“The only fate I am certain of, Stargirl, is that you’re mine. The rest, I don’t know what to believe.” Fate was so fickle. I couldn’t see it, didn’t trust it.
Vale crossed her arms, lips pressing into a pout I wanted to kiss right off her. “If I can’t compliment you when we’re arguing then you can’t say sweet things.”
I smirked. “Deal.”
Vale stepped between my legs, and I spun her around so she was on my lap, her back pressed to my chest. Gently, I kneaded the spot around her tattoo. “I just don’t want to act before we know for certain.”
“My certainty comes from the Fates,” she swore. “I know their truths in my bones. It’s as instinctual as breathing.”
I dropped my lips to her shoulder, tracing the edges of that constellation with my mouth, one star to the next. Vale melted against me, the knot of tension between us slipping away momentarily.
“That sort of magic is still new to me,” I whispered. “I’m learning to trust it.”
I kissed up her neck, and Vale’s head rolled to the side. For a long moment, she let me nip and lick her skin—biting that spot just above her tattoo to leave my own imprint on her—and taste the starlight she always reminded me of.
On a breathy whisper, she asked, “Do you trust me?”
She looked at me over her shoulder, lips parted and one hand gripping my thigh, inching upward.
“Of course, I do,” I swore, my voice thick.
I slammed my lips to hers, and as my tongue slipped inside her mouth, her answering hum was an agreement to pause the argument for now, on this plateau of trust. I flipped her around so her back hit the feathered comforter, her hair and skin gleaming against the rich jewel-toned bed. Even the silver in her eyes shone.
Working kisses down her neck, I pressed the truth of my statements into her skin.I trust you. I believe in your power. I’m just so fucking scared.
The way she pulled me up to her and kissed me said she heard it.
I palmed her breast, pinching her nipple over the fabric, and Vale gasped against my lips, arching into me. “Please, Cypherion,” she panted, wrapping her legs around my waist and rocking against me.
“Please, what?” I asked.
But before she could answer, a knock sounded at the door.
“Go away,” I grumbled.
“I’m truly sorry,” Santorina’s stern tone echoed through the wood. “But I can’t.”
I sighed, cock still hard against Vale’s center. “Why the fuck not?”
But it wasn’t Rina who answered. Beneath me, Vale gasped—not in lust, but in the way that had me reaching for my scythe. Her eyes were pure silver, a reading forcing itself to the surface without even the aid of incense.
And she whispered, “It’s Valyrie.”
There was a fuckingAngel in the manor’s meeting chamber.
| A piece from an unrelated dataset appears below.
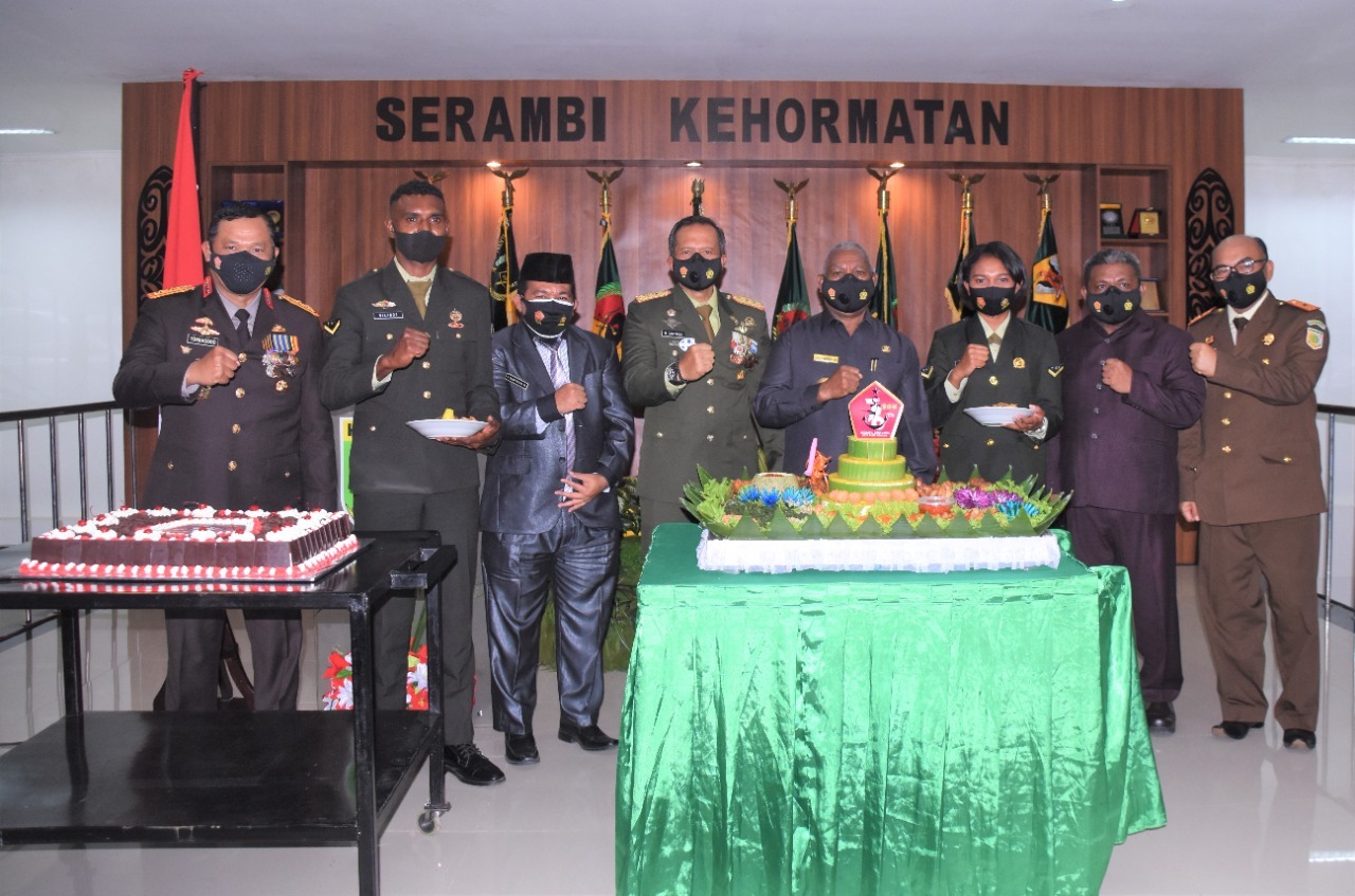 Manokwari. kodam18kasuari.tni-ad.mil.id – Dalam memperingati Hari Ulang Tahun (HUT) ke-76 TNI, Kodam XVIII/Kasuari menggelar acara ramah tamah dan syukuran yang digelar secara sederhana di Serambi Kehormatan, Makodam XVIII/Kasuari, Trikora, Arfai 1, Manokwari, Papua Barat, Selasa (5/10/2021).

We’d seen the Angels—all seven of them—and their abundant power swirling in that theater in the mountains. But seeing Valyrie here, her silken silver hair tumbling to her waist, a galaxy of lilac ether undulating around her wings, and a gown that gleamed like the star-speckled sky draping her olive skin, was more striking than before.
When Vale and I entered, Valyrie spun, the train of her gown slithering across the tiled floor—fuck, she really stood on this ground. Walked on Ambrisk. I’d known the Angels were out there, but to see one in a place we’d been spending hours every day was another thing entirely.
And this Angel gave the woman whose hand was twined with mine a smile that was somehow both cruelly cold and warmly welcoming. “Hello, my Fatecatcher.”
“Prime Warrior.” Vale gave her a nod, dipping into a shallow curtsey.
I stiffened but gave a small bow out of respect. Meridat stood at the head of the long table, flanked by her three advisors, one of each dynastic family that headed their clan as symbols of Xenique’s three daughters. Tolek, Mila, Santorina, Jezebel, and Erista all lined one side.
Everyone either had narrowed stares or white knuckled grips, hard jaws and defensive stances. Even those who hadn’t been in the mountains knew what threat the Angels posed.
“What’s going on here?” I asked as Vale and I took up positions among our friends.